Start of Exercise material

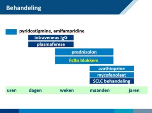 De behandeling ervan gebeurt door het afweersysteem te remmen (afweeronderdrukkende medicatie), of door de spier te versterken (symptomatische medicatie).
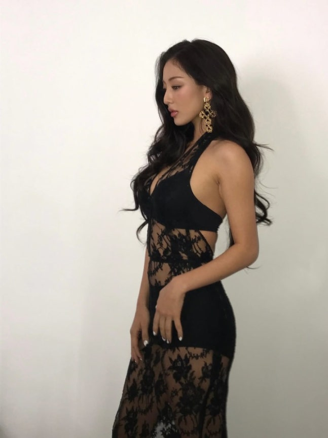 그룹 트와이스 지효가 시스루 드레스로 성숙미를 뽐냈다.
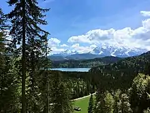 The southern Werdenfelser Land is bordered by the Wetterstein Mountains and the Karwendel. The Zugspitze lies southwest of Garmisch-Partenkirchen and, at 2,962 m above sea level (NN), is the highest peak in Germany. Both the valleys and the Alpine Foreland have been heavily influenced by the last ice age. The lakes were partially formed by groundwater filling the hollows carved out by the glaciers. Later the lakes silted up and formed moors like the Murnauer Moos.
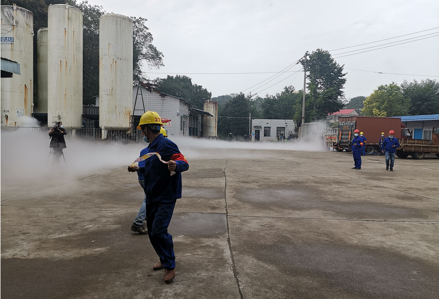 “氩气管道阀门破裂,氩气发生大量泄漏!”10月26日上午9:30,随着一阵急促的警报声,益阳中大气体有限公司储罐区突然涌出大量不明气体,赫山区会龙山街道危险化学品生产安全事故应急演练正式拉开帷幕。
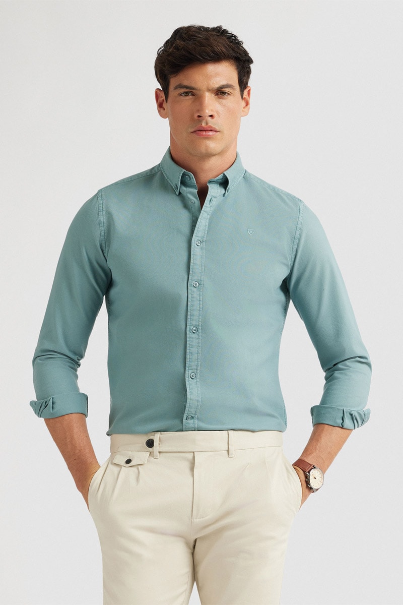 Biologisch Katoenen Overhemd Regular Fit - Lichtgroen
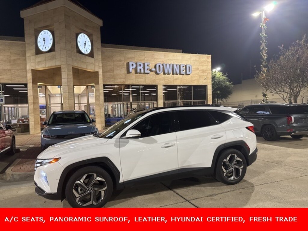 White Pearl 2024 Hyundai Tucson Limited 2.5L I4 DGI DOHC 16V LEV3-SULEV30 187hp FWD 8-Speed Automatic with SHIFTRONIC **CARFAX ONE OWNER**, **CLEAN CARFAX**, **LOCAL TRADE**, **NAVIGATION**, **MOONROOF**, **KEYLESS ENTRY**, **REMOTE START**, **LEATHER INTERIOR**, **REARVIEW CAMERA**, **BLUETOOTH / HANDS FREE CALLING**, **HYUNDAI CERTIFIED AT NO EXTRA CHARGE**, **VENTILATED SEATS**, **HEATED SEATS**, **HEATED STEERING WHEEL**, **PANORAMIC SUNROOF**, **APPLE CARPLAY AND ANDROID AUTO**, **POWER LIFTGATE**, **LOADED!!**, ABS brakes, Apple CarPlay & Android Auto, Auto-dimming Rear-View mirror, Automatic temperature control, Exterior Parking Camera Rear, Front anti-roll bar, Garage door transmitter: HomeLink, Heated & Ventilated Front Bucket Seats, Heated door mirrors, Heated front seats, Heated rear seats, Heated steering wheel, Leather Seat Trim, Memory seat, Navigation System, Overhead airbag, Power driver seat, Power Liftgate, Power moonroof, Power passenger seat, Radio: Bose Premium w/AM/FM/HD Audio System, Rear anti-roll bar, Rear side impact airbag, Remote keyless entry, Security system, Steering wheel mounted audio controls, Ventilated front seats, Wheels: 19" x 7.5J" Machine-Face Finish Alloy.
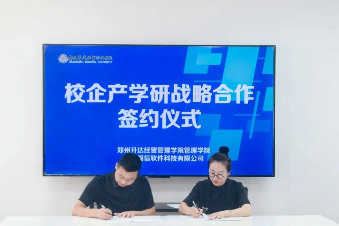 2024年10月11日,管理学院在升达工业元宇宙行业学院108室,举行了隆重的“校企产学研战略合作”签约仪式。管理学院院长朱影影、郑州简信软件科技有限公司总经理郭松超、管理学院和行业学院教师代表共同出席了签约仪式。仪式由升达工业元宇宙行业学院副院长李延保主持。

End of Exercise material

● **Exercise prompt**
Only the lines from where the data begins to the line with "그룹 트와이스 지효가 시스루 드레스로 성숙미를 뽐냈다.", both of them included, should be reproduced word for word; no pictures.

● **Output**
 De behandeling ervan gebeurt door het afweersysteem te remmen (afweeronderdrukkende medicatie), of door de spier te versterken (symptomatische medicatie).
 그룹 트와이스 지효가 시스루 드레스로 성숙미를 뽐냈다.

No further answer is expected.